→ THE PROBLEM:
Below, some lines carry pictures; leave those pictures out and retype exactly the lines from the one with "모조에스핀 단추 포켓 물결 트위드 스커트 J242MSD127" through the one with "英国アンティーク 1911年 エドワード王朝時代 天然サファイアと天然パールのリング".

→ RECORDS PROVIDED:
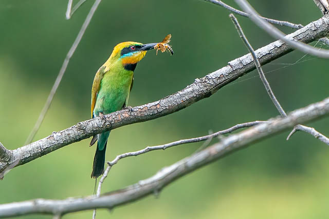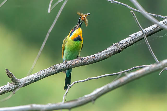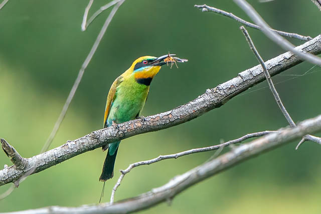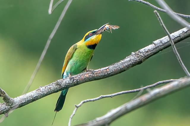 On my last few visits to Emu Green, the Rainbow Bee-eaters have been hard to spot. This time I saw one straight away, but in a different area to where I had seen them before. It was a long way away however.
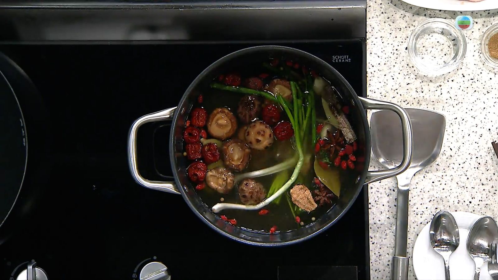 杞子跟冬菇事先浸軟,紅棗去核,生薑蒜頭略拍。然後把湯料全放煲內煮滾備用。
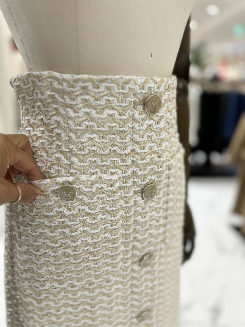 모조에스핀 단추 포켓 물결 트위드 스커트 J242MSD127
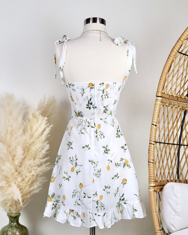 This beautifully constructed dress features a tie strap design, smock back with hidden zipper, romantic floral prints and a chiffon like fabric design.
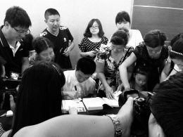 7月20日下午,在晋城市实验中学会议室,不少人拿着厚厚的书籍围拢在一张桌子前,一名身着白色衬衣的青年男子右手拿着笔,吃力地在书的扉页上签下“赵秋凯”三个字。
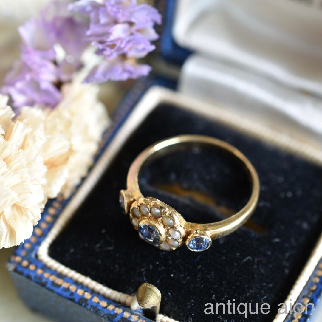 英国アンティーク 1911年 エドワード王朝時代 天然サファイアと天然パールのリング
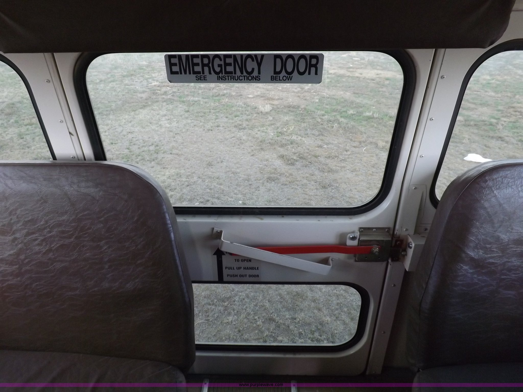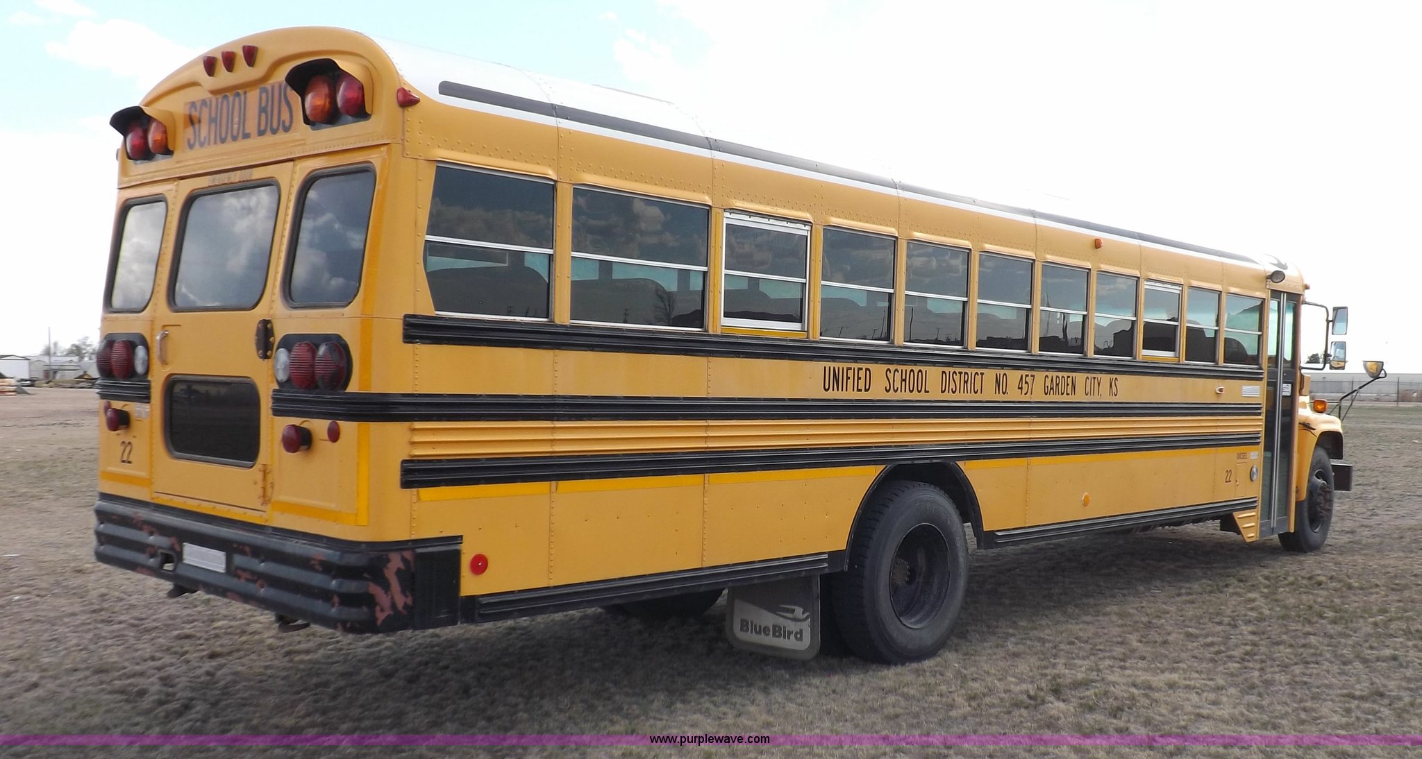 1998 Chevrolet B7 school bus. 195,892 miles on odometer, 43 passenger, Caterpillar 3116 6.6L L6 diesel engine, Automatic transmission, Heat, Spring suspension seat, Heated mirrors, Block heater, (2) roof emergency egress, (4) side emergency egress, Rear emergency egress, Front fender mirrors, Front and rear tow hooks, Spring suspension , Air brakes, 256" wheelbase, 11R22.5 tires, GVWR 28,000 lbs, FAWR 9,000 lbs, RAWR 19,000 lbs, Radio equipment is not included, Unit# 22. 1GBM7T1J7WJ106622. Shipping quotes available. USD 457. 4665 E Highway 50. Garden City, KS 67846

→ TASK OUTPUT:
 모조에스핀 단추 포켓 물결 트위드 스커트 J242MSD127
 This beautifully constructed dress features a tie strap design, smock back with hidden zipper, romantic floral prints and a chiffon like fabric design.
 7月20日下午,在晋城市实验中学会议室,不少人拿着厚厚的书籍围拢在一张桌子前,一名身着白色衬衣的青年男子右手拿着笔,吃力地在书的扉页上签下“赵秋凯”三个字。
 英国アンティーク 1911年 エドワード王朝時代 天然サファイアと天然パールのリング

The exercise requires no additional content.